Exercise details: Omit all pictures, then retype the data exactly as given.

Supplied material:

----------

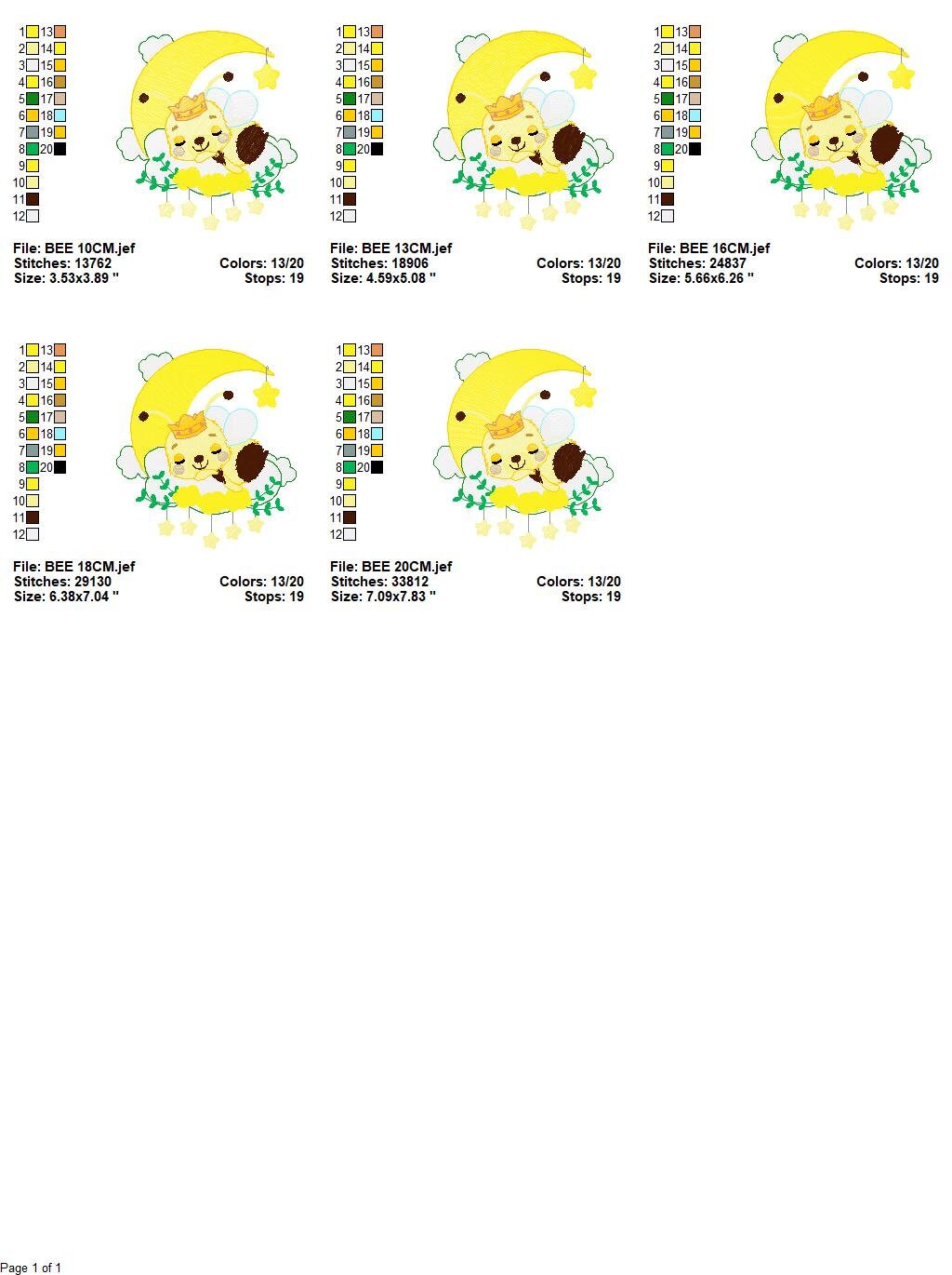 There are 5 sizes included for each design, please check the information under the pictures for the precise sizes of each design, stitch count, color changes and etc.
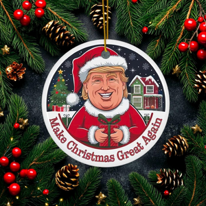 Make Christmas Great Again Trump2024 Ceramic Ornament – Fun Holiday Decor
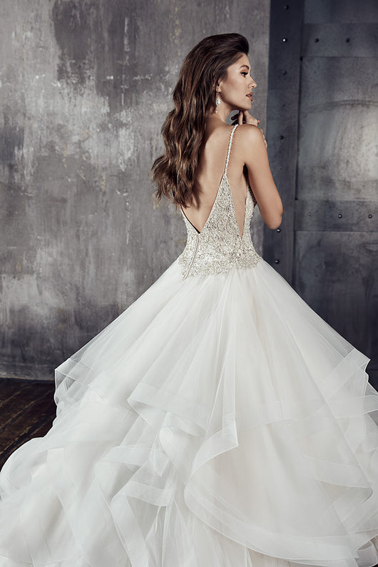 Delicate layers of tulle topped with an exquisite beaded top with cut-out sides.
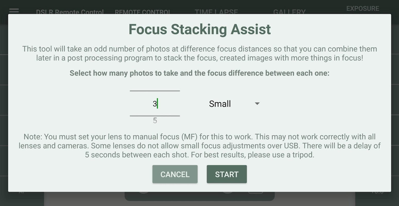 DSLR Control + dispose d'un outil unique d'assistance à l'empilage de la mise au point, qui vous permet de prendre automatiquement un nombre défini de photos avec une variation variée de la mise au point, de manière à pouvoir les empiler ultérieurement lors du post-traitement.

----------

Response to the exercise:
 There are 5 sizes included for each design, please check the information under the pictures for the precise sizes of each design, stitch count, color changes and etc.
 Make Christmas Great Again Trump2024 Ceramic Ornament – Fun Holiday Decor
 Delicate layers of tulle topped with an exquisite beaded top with cut-out sides.
 DSLR Control + dispose d'un outil unique d'assistance à l'empilage de la mise au point, qui vous permet de prendre automatiquement un nombre défini de photos avec une variation variée de la mise au point, de manière à pouvoir les empiler ultérieurement lors du post-traitement.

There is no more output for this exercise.